The solid phase extraction tubes (SPE) Oasis Prime HLB was purchased from Waters (Waters Corporation, Milford, USA).
The standards amoxicillin trihydrate, chlortetracycline hydrochloride, doxycycline hydrochloride, florfenicol, flumequine, lincomycin hydrochloride, olaquindox, oxolinic acid, oxytetracycline hydrochloride, penicillin V potassium salt, sulfachloropyridazine, sulfadiazine, sulfadimethoxine, sulfadoxin, sulfaguanidine, sulfamerazine, sulfameter, sulfamethazine, sulfamethoxazole, sulfamethoxypyridazine, sulfamethoxypyridazine-D3, sulfamonomethoxine, sulfaquinoxaline, sulfathiazole, sulfisoxazole, sulfabenzamide, sulfacetamide, sulfaclozine, sulfamethizol, sulfamoxole, sulfapyridine, sulfasalazine, sulfatroxazole, sulfisomidine, tetracycline hydrochloride, thiamphenicol, tiamulin, tilmicosin, trimethoprim, tylosin tartrate and valnemulin hydrochloride were purchased from Sigma-Aldrich (St. Louis, MO, USA). Penicillin V-D5, sulfamethazine D4, tetracycline D6 and tylvalosin were used from Toronto Research Chemicals (North York, ON, Canada).
Carbadox was supplied from Dr. Ehrenstorfer LGC Group (Teddington, UK).
Standard solution
To prepare a solution of a mixture of standards for sample enrichment, stock solutions were first prepared for each individual analyte (1 mg/mL). Oxolinic acid was diluted in 1 mL 1M NaOH with the addition of 9 mL MeOH, and flumequine was prepared using DMSO. Macrolides, lincosamides, tetracyclines and sulfonamides stock solutions were prepared in methanol, with the exception of sulfadiazine (1M NaOH) and sulfaquinoxaline (1 mL 0.5 M NaOH and 9 mL MeOH). These stock solutions were stored at -20°C. An intermediate stock solution as a mixture of all antibiotic groups was prepared in methanol at 10 µg/mL. Two working solutions were prepared for standard addition at concentrations of 1 µg/mL and 0.1 µg/mL. The working solution of labelled internal standards was prepared in methanol using stock solutions of enrofloxacin-D5, sulfamethazine-D4, tylosin-D3 and tetracycline-D6 at a concentration of 1 µg/mL. The stock solutions are stable for 1 year. Intermediate and working standard solutions were stable for a one-month period. All solutions were stored at -20°C.
Laboratory equipment
The following equipment was used in sample preparation: Waring Commercial Blender 7011HS (Waring Commercial, CT, USA), IKA® Vortex model MS2 Minishaker (IKA®-WERKE GMBH & CO.KG, Staufen, Germany), multi-tube vortexer (VWR International GmbH, Ulm, Germany), ultrasonic bath Grant (Grant instruments, Cambridge, UK), centrifuge Rotanta 460R (Hettich Zentrifugen, Tuttlingen, Germany), ultracentrifuge (Thermo Fisher Scientific, Waltham MA, USA) and MultiVap 54 automatic evaporation system (LabTech Srl, Sorisole (BG), Italy). The LC-MS/MS system consisted of UHPLC Agilent Technology 1290 Infinity II and Triple Quad LC-MS 6470 mass spectrometer with Jet Stream Technology Ion Source (AJS ESI) (Agilent Technologies, Santa Clara, USA). Instrument control and data processing were performed using MassHunter Workstation 10.0 software developed by Agilent Technologies, Inc. For chromatography, an Acquity UHPLC HSS T3 column (1.8 μm, 2.1×150 mm) was used (Agilent Technologies, Santa Clara, USA).

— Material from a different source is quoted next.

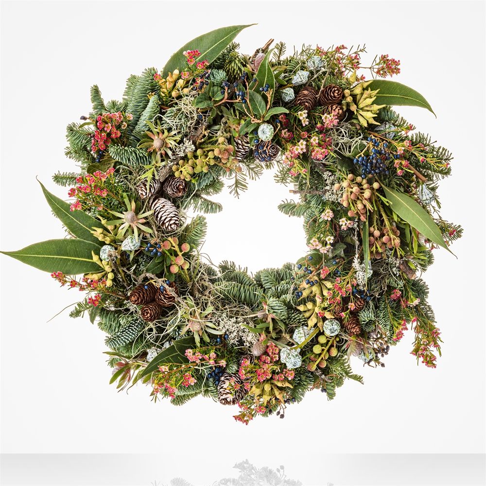 Verspreid een eindeloos gevoel van feest en warmte met deze luxe kerstkrans. Een lust voor het oog en een oogverblindende aanvulling voor op tafel of aan de voordeur. Krans ca. 40cm. Het geleverde boeket wijkt af van de foto aangezien bloemen natuurproducten zijn.

Validation of the multi-residue method
The validation of the method for the determination of antibiotics in feed using the LC-MS/MS technique was carried out in accordance with EU Regulation 2021/808 using the conventional model (EC, 2021). The following validation parameters were calculated using validation software for comprehensive inhouse validation InterVal Plus®: linearity, specificity/selectivity, repeatability and inter-laboratory reproducibility, decision limit (Ccα) and detection capability (Ccβ). To determine the specificity and selectivity, seven types of feed were collected (three lots per feed type) (Figure 1).
For the validation, food samples were selected that are most frequently monitored for residues of pharmacologically active substances, i.e., feed from maize and wheat. The validationn was carried out for one month under different conditions (day, operator and type of matrix).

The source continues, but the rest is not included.